* **Work item**
The data below contains pictures, which are to be skipped; the lines starting at the line with "小提示:如果我们使用了ADS" and ending at the line with "FAS153 | Fassung" are to be output exactly, both ends included.

Saved data entries:

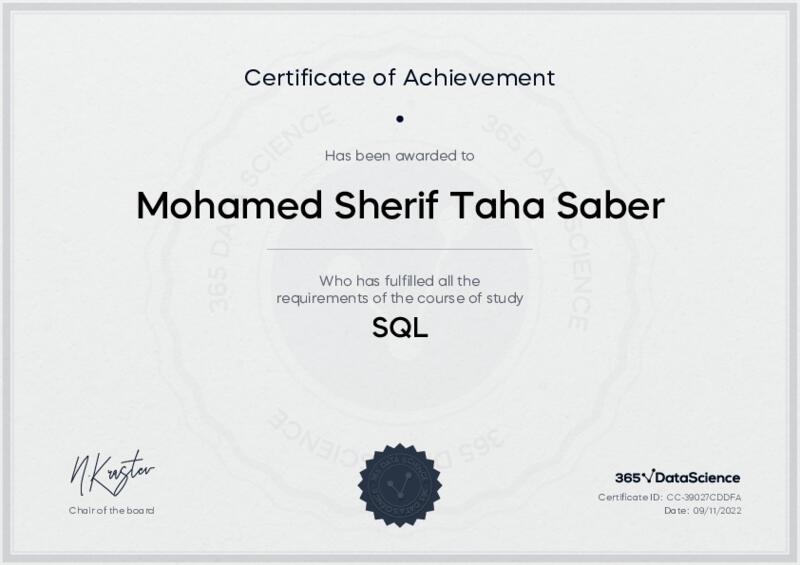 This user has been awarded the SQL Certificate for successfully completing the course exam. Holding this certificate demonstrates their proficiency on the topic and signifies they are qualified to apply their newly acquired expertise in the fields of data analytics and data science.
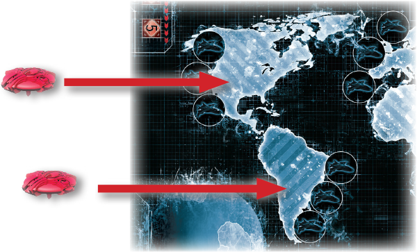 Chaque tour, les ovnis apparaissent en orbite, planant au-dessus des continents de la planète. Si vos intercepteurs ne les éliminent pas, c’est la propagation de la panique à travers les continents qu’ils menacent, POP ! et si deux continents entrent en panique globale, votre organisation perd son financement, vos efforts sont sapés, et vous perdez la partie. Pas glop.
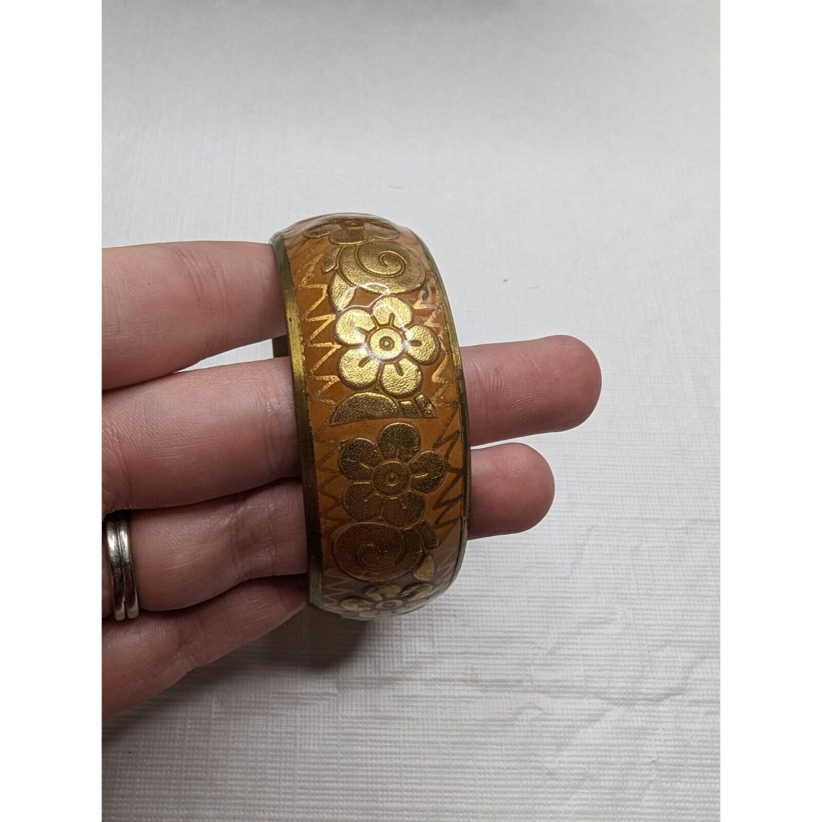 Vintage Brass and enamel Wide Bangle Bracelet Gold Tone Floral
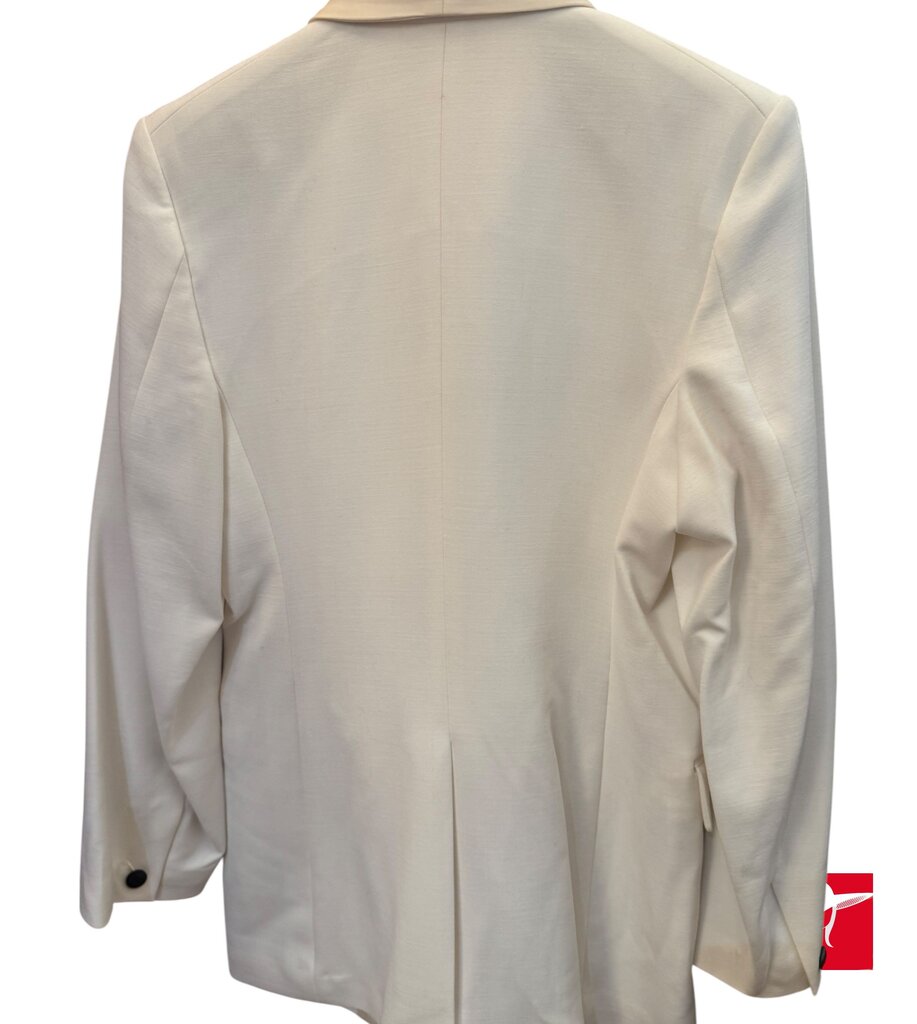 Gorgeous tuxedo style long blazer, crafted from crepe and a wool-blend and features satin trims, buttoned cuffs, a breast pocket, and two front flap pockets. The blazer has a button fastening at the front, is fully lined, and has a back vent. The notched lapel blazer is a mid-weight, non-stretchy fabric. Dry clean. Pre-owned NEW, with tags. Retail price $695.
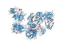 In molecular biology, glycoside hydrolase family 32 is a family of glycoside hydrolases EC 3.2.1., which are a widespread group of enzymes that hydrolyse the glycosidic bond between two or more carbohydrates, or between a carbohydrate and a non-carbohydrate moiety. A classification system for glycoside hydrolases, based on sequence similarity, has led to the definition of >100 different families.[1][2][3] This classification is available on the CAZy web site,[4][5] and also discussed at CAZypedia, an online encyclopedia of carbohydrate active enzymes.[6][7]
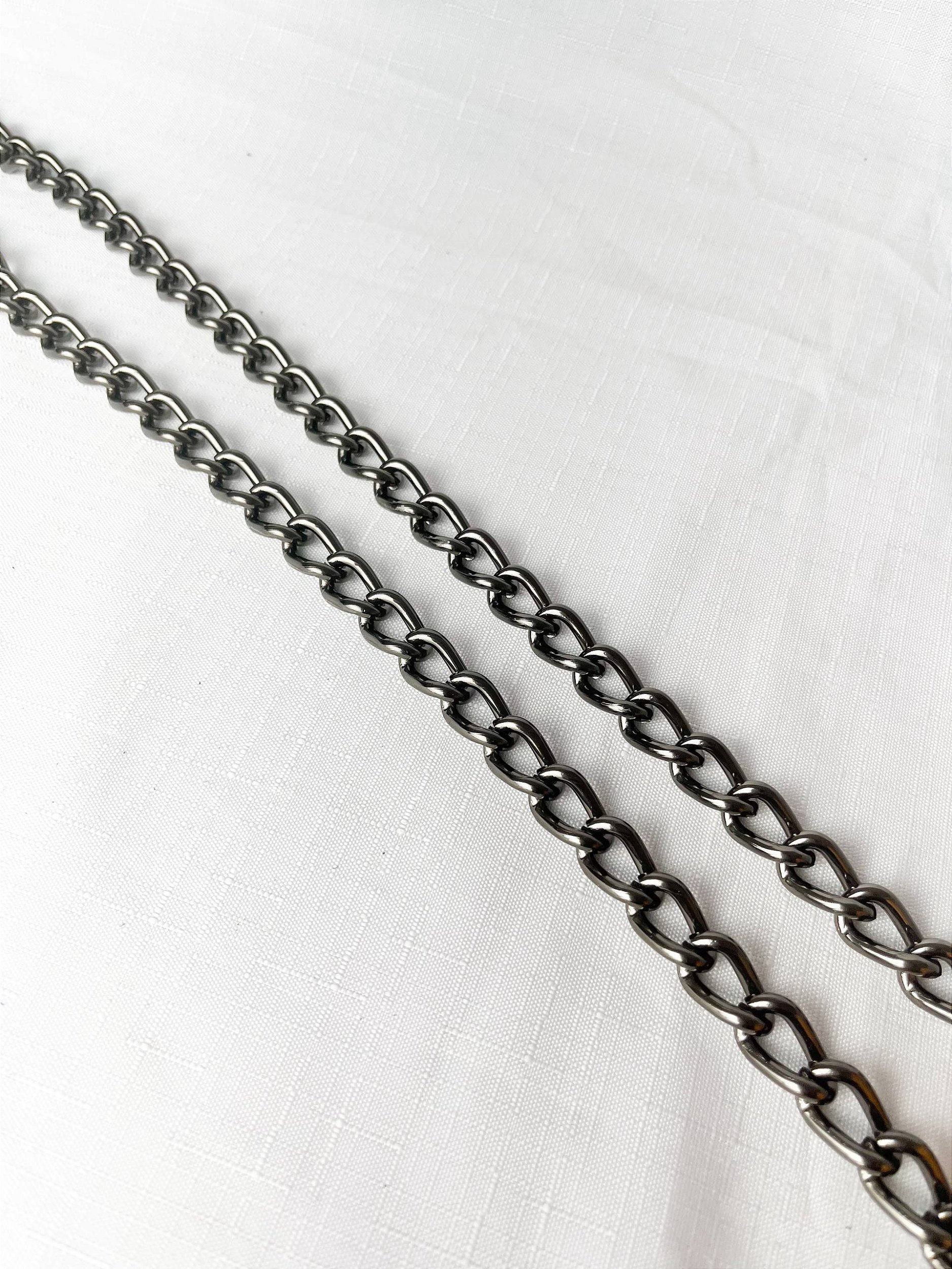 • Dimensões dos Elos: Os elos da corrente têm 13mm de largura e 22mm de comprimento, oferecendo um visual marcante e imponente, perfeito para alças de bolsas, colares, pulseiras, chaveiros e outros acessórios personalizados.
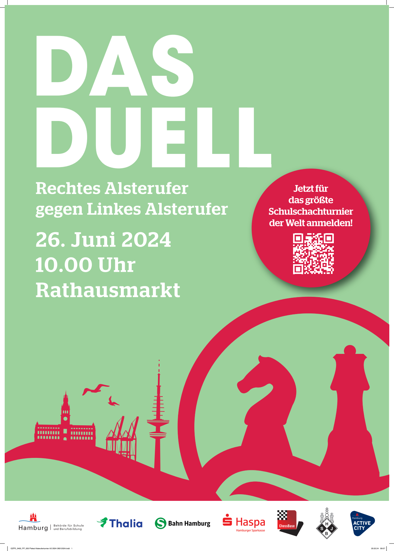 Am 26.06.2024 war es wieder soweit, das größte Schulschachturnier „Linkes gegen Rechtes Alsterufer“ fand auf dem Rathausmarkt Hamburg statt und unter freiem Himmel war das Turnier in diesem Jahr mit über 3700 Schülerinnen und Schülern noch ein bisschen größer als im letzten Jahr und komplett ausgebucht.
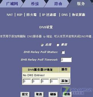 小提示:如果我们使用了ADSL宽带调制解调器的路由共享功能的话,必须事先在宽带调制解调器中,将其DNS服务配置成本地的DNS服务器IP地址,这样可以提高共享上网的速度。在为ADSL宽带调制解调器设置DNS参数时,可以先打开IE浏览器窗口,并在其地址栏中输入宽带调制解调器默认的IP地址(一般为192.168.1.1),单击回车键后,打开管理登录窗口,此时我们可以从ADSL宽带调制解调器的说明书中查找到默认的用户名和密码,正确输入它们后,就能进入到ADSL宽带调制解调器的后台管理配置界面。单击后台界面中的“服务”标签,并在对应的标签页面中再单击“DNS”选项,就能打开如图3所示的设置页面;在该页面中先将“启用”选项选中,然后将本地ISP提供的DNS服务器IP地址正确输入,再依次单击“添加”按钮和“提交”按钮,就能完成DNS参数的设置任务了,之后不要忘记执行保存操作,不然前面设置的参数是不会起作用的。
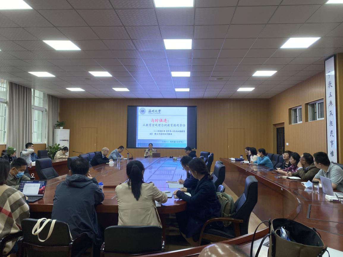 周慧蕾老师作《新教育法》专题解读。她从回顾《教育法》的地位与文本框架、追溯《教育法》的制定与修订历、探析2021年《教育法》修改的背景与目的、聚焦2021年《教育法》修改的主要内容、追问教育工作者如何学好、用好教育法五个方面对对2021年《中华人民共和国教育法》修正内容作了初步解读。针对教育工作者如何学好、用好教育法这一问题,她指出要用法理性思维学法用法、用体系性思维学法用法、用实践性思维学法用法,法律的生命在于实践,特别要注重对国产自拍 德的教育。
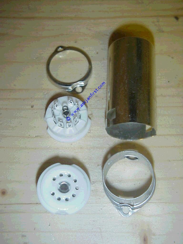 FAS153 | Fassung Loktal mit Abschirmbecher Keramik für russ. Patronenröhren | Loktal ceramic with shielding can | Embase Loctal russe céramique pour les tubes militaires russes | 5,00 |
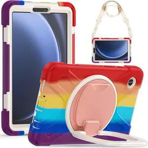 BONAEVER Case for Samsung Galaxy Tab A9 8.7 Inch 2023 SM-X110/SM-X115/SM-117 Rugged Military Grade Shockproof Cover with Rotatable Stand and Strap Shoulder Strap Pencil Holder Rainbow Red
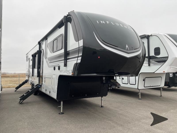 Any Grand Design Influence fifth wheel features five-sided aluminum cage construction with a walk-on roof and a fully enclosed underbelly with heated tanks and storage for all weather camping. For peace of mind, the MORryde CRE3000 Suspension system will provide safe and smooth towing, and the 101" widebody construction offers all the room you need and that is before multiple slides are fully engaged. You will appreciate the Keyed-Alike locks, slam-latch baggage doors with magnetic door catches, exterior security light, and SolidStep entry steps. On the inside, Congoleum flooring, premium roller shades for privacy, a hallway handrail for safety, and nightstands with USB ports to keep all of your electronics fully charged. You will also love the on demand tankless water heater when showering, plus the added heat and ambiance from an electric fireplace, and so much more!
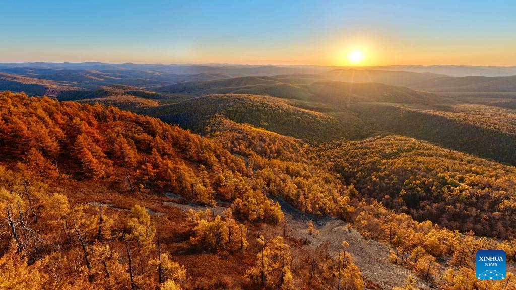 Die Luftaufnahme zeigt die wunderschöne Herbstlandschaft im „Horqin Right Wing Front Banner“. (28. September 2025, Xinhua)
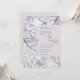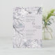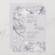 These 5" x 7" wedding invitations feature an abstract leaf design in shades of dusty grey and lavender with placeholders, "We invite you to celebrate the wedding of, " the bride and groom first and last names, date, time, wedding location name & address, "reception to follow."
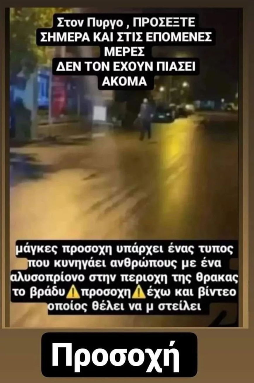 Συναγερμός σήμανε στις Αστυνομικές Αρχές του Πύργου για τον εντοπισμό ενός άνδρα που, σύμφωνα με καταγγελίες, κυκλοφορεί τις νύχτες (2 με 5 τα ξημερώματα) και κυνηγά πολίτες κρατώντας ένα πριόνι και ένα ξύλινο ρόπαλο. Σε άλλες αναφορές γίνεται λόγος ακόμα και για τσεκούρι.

* **Answer space**
 小提示:如果我们使用了ADSL宽带调制解调器的路由共享功能的话,必须事先在宽带调制解调器中,将其DNS服务配置成本地的DNS服务器IP地址,这样可以提高共享上网的速度。在为ADSL宽带调制解调器设置DNS参数时,可以先打开IE浏览器窗口,并在其地址栏中输入宽带调制解调器默认的IP地址(一般为192.168.1.1),单击回车键后,打开管理登录窗口,此时我们可以从ADSL宽带调制解调器的说明书中查找到默认的用户名和密码,正确输入它们后,就能进入到ADSL宽带调制解调器的后台管理配置界面。单击后台界面中的“服务”标签,并在对应的标签页面中再单击“DNS”选项,就能打开如图3所示的设置页面;在该页面中先将“启用”选项选中,然后将本地ISP提供的DNS服务器IP地址正确输入,再依次单击“添加”按钮和“提交”按钮,就能完成DNS参数的设置任务了,之后不要忘记执行保存操作,不然前面设置的参数是不会起作用的。
 周慧蕾老师作《新教育法》专题解读。她从回顾《教育法》的地位与文本框架、追溯《教育法》的制定与修订历、探析2021年《教育法》修改的背景与目的、聚焦2021年《教育法》修改的主要内容、追问教育工作者如何学好、用好教育法五个方面对对2021年《中华人民共和国教育法》修正内容作了初步解读。针对教育工作者如何学好、用好教育法这一问题,她指出要用法理性思维学法用法、用体系性思维学法用法、用实践性思维学法用法,法律的生命在于实践,特别要注重对国产自拍 德的教育。
 FAS153 | Fassung Loktal mit Abschirmbecher Keramik für russ. Patronenröhren | Loktal ceramic with shielding can | Embase Loctal russe céramique pour les tubes militaires russes | 5,00 |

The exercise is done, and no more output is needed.